Tania Manco

Tania Manco

Student. Developer

© 2019

Loading pages nicely (aka defer vs. DOMContentLoaded)

While doing my JS labs, I encountered lots of null values while trying to learn about event listeners or how to extract valuable information out of an existing HTML element. So, what went wrong and what I should’ve been doing?

First, let’s go through the process of an HTML page once it reaches the browser. Remember, HTML is no different than a piece of non-meaningful text if there is nothing which knows how to understand (parse) it. For that, we have our browser. The DOM (Document Object Model) constructed at the time of page load. While going line by line, the browser will capture different HTML elements and will build the DOM out of it. The DOM is a hierarchical representation of the elements which we then can access through our javascript scripts. When the browser loads HTML and comes across a <script>...</script> tag, it can’t continue building the DOM. It must execute the script right away. The same happens for external scripts <script src="..."></script>: the browser must wait until the scripts downloaded, execute it, and only then process the rest of the page.

One good practice is to declare our javascript right before the and of the page before the body element is being closed </body>. On the opposite side, it is advisable to declare our stylesheets right at the <head> element.
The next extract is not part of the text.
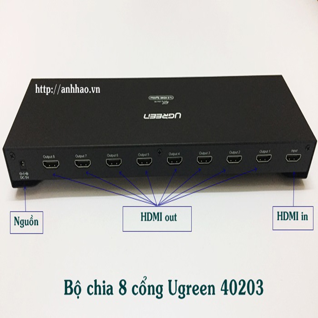 Mô Tả Sản Phẩm Bộ Chia 1 HDMI Ra 8 HDMI Chính Hãng Ugreen 40203 Cao Cấp- Bộ Chia 1 HDMI Ra 8 HDMI Chính Hãng Ugreen 40203 Cao Cấp là thiết bị cho phép người dùng kết nối bất kì nguồn phát HD nào như Android TV Box, PC, Laptop, đầu phát HD,...kết nối cùng lúc với 8 màn hình trình chiếu chất lượng cao HDTV; đồng thời xuất tín hiệu ra 8 cổng cùng lúc với chất lượng tín hiệu cực kì ổn định, sắc nét, không hề bị suy giảm
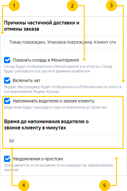 Вы можете указать причины, по которым заказ отменен или частично доставлен, чтобы курьер мог выбрать их из списка. Для этого в поле Причины частичной доставки и отмены заказа перечислите через запятую возможные варианты.

Declaring our scripts as part of the <head> element may lead to an unexpected behavior. You might wonder why is it a problem, let’s assume you have a js page with lots of declarations, and functionalities. JS will run first and will try to find elements from our HTML world, but WAIT! We have a problem! the tags and the information they carry are not loaded yet, and our script can’t find them and cant modify them.

<body>
  ...all content is above the script...

  <script src="someJS.js"></script>
</body>

The browser notices the script (and can start downloading it) only after it parsed the full HTML document and represents it as the DOM. For heavy HTML documents, that may be a noticeable delay.

We can also leave it at the top of the page and ask defer to help us out. The defer attribute tells the browser to execute the script file once the HTML document parsed. Here is an example where would you like to locate the attribute.

<script defer src="script.js"></script>

Another solution we have for this issue is an event listener on the document that will say “fire up everything as soon as this page content loads. and DOM is fully constructed”.